What the task requires:
Retype the following data exactly, but leave its pictures out.

Data provided:
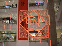 さて、私の滞在中丁度中国で最大のイベントの一つ旧正月がありました。新暦の正月(1月1日)より、盛大に祝われ、今年は 2月14日から約一週間続きました。写真のように「福」の文字が逆さになっている飾りを上海の至る所で見た事が印象的でした。 中国人の友達に逆さになっている理由を聞いたところ、中国語で、逆さまは「倒(dao)」。また、「到」という字も(dao)と発音 するので、「dao福」=「倒福」=「到福」で、「福の到来」を意味しているという。福という文字一つ取ってもとても面白いので、 まだまだあるであろう中国の言葉遊びの文化にもっと触れてみたいと思いました。
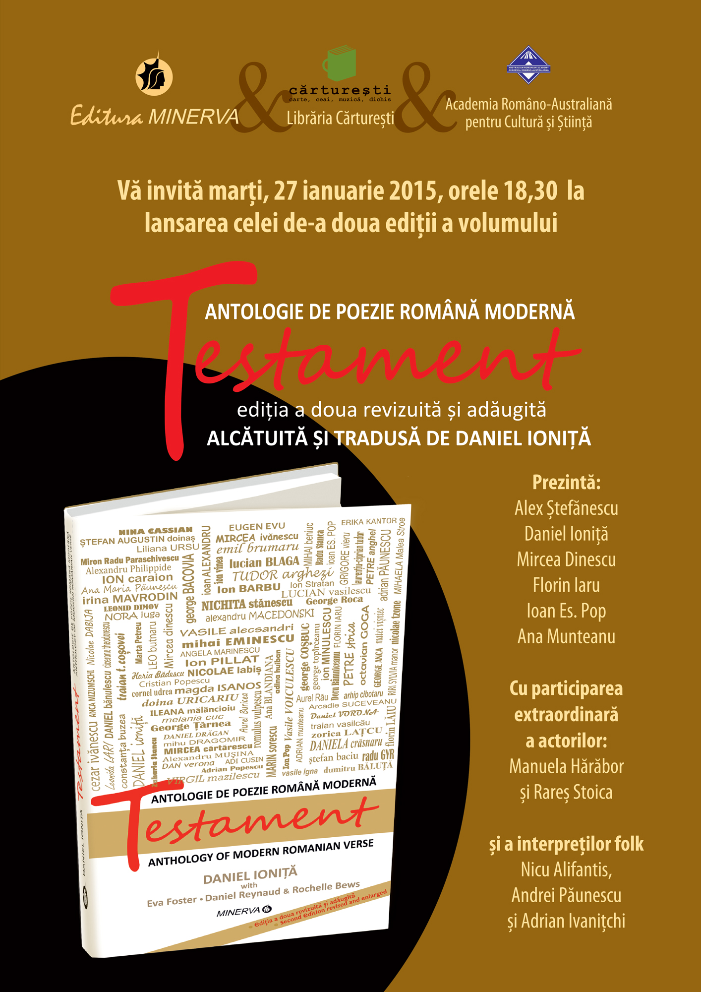 Editura Minerva, în colaborare cu Libraria Cărturești și Academia Româno-Australiană pentru Cultură și Știință, anunță ultima etapă a turneului de lansare a celei de a doua ediții, revizuite și adăugite a volumului TESTAMENT Antologie de poezie română modernă/ Anthology of modern romanian verse, în traducerea poetului australian de origine română, Daniel Ionița, în colaborare cu prof. Dr. Daniel Reynaud, Eva Foster și Rochelle Bews.
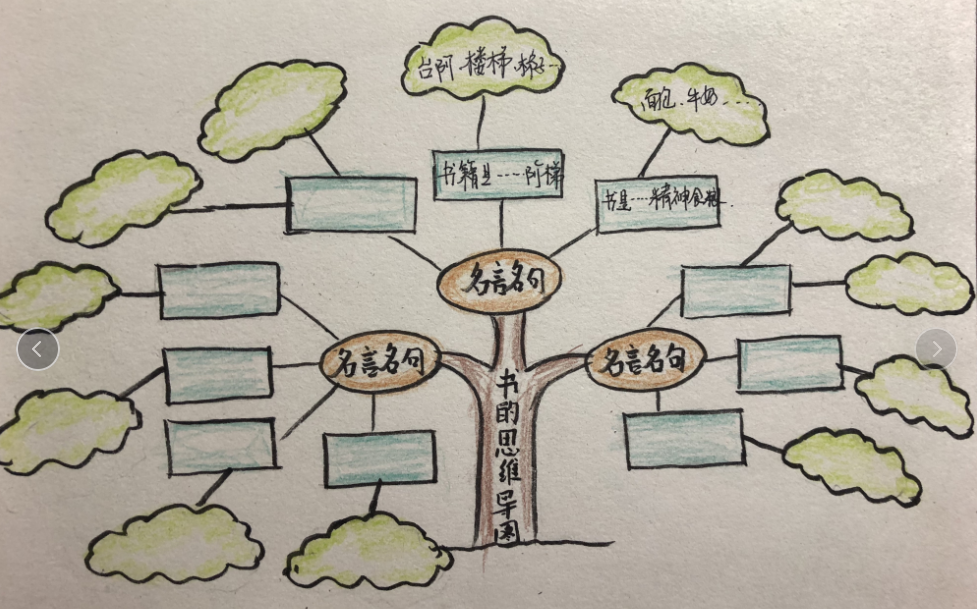 要求学生用思维导图的形式,对书的图形创意展开联想,根据名言警句拓展思维,图文并茂进行表现,根据拓展的图形,寻找在形和意上的契合点,创造出新的图形。

Your response:
 さて、私の滞在中丁度中国で最大のイベントの一つ旧正月がありました。新暦の正月(1月1日)より、盛大に祝われ、今年は 2月14日から約一週間続きました。写真のように「福」の文字が逆さになっている飾りを上海の至る所で見た事が印象的でした。 中国人の友達に逆さになっている理由を聞いたところ、中国語で、逆さまは「倒(dao)」。また、「到」という字も(dao)と発音 するので、「dao福」=「倒福」=「到福」で、「福の到来」を意味しているという。福という文字一つ取ってもとても面白いので、 まだまだあるであろう中国の言葉遊びの文化にもっと触れてみたいと思いました。
 Editura Minerva, în colaborare cu Libraria Cărturești și Academia Româno-Australiană pentru Cultură și Știință, anunță ultima etapă a turneului de lansare a celei de a doua ediții, revizuite și adăugite a volumului TESTAMENT Antologie de poezie română modernă/ Anthology of modern romanian verse, în traducerea poetului australian de origine română, Daniel Ionița, în colaborare cu prof. Dr. Daniel Reynaud, Eva Foster și Rochelle Bews.
 要求学生用思维导图的形式,对书的图形创意展开联想,根据名言警句拓展思维,图文并茂进行表现,根据拓展的图形,寻找在形和意上的契合点,创造出新的图形。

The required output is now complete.